Configurable Filesystem layout for Machine Allocation
The current implementation uses a hard coded filesystem layout depending on the specified size and image. This is done in the metal-hammer. This worked well in the past because we had a small amount of sizes and images. But we reached a point where this is to restricted for all use cases we have to fulfill. It also forces us to modify the metal-hammer source code to support a new filesystem layout.

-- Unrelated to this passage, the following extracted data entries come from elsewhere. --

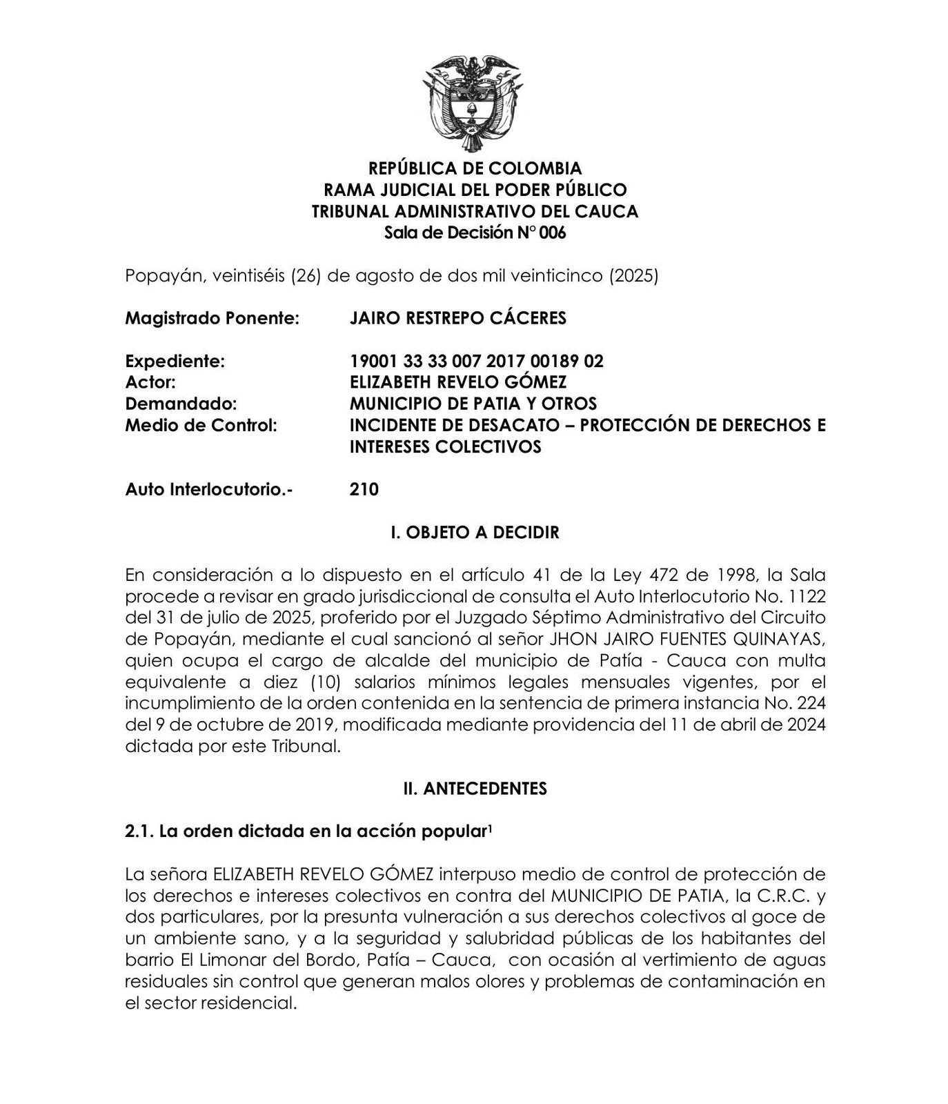 Un nuevo fallo del Tribunal Administrativo del Cauca dejó sin efecto la sanción económica que pesaba sobre el alcalde del municipio de Patía, Jhon Jairo Fuentes Quinayas, en el marco de una acción popular interpuesta en relación con la problemática ambiental del barrio El Limonar en El Bordo.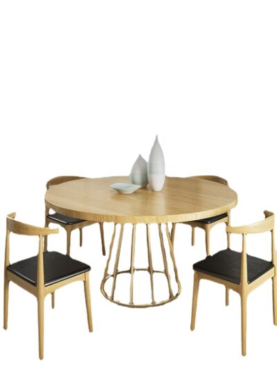 Bắc Âu bàn ghế ăn gỗ đặc phòng khách nhà tròn gia đình bàn tròn hiện đại tối giản ánh sáng sang trọng bàn ăn sắt nghệ thuật là sản phẩm nổi bật trong dòng bàn ăn nhập khẩu, thiết kế hiện đại và sang trọng, phù hợp với nhiều không gian nội thất cao cấp.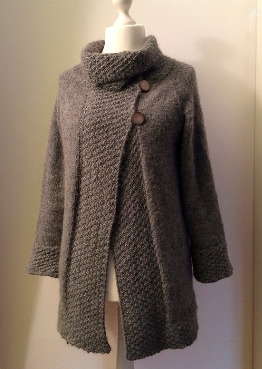 Collar: Pick up approx. 36 to 42 sts between the markers at the neck line (i.e do not pick up sts in the outer most 16 sts each side toward the front edges). Knit 2 rows of garter sts – on the last row inc 12 sts evenly distributed = 48-54 sts.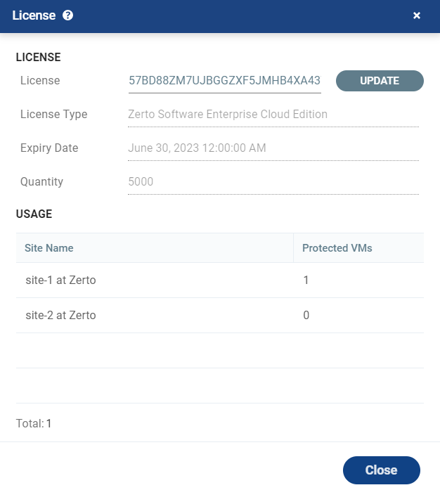 The Zerto license includes information such as the number of virtual machines that can be protected and the license expiry date. You can see these details by clicking

This proposal tries to address this issue by introducing a filesystem layout struct in the metal-api which is then configurable per machine allocation. The original behavior of automatic filesystem layout decision must still be present, because there must be no API change for existing API consumers. It should be a additional feature during machine allocation.
API and behavior
The API will get a new endpoint filesystemlayouts
to create/update/delete a set of available filesystemlayouts
.
Constraints
In order to keep the actual machine allocation api compatible, there must be no difference while allocating a machine. To achieve this every filesystemlayout
defines constraints which specifies for which combination of sizes
and images
this layout should be used by default. The specified constraints over all filesystemlayouts
therefore must be collision free, to be more specific, there must be exactly one layout outcome for every possible combination of sizes
and images
.
The size
constraint must be a list of the exact size ids, the image
constraint must be a map of os to semver compatible version constraint. For example:
debian: ">= 10.20210101"
ordebian: "< 10.20210101"
The general form of a image
constraint is a map from os
to versionconstraint
where:
os
must match the first part of the image without the version. versionconstraint
must be the comparator, a space and the version, or simply *
to match all versions of this os
. The comparator must be one of: "=", "!=", ">", "<", ">=", "=>", "<=", "=<", "~", "~>", "^"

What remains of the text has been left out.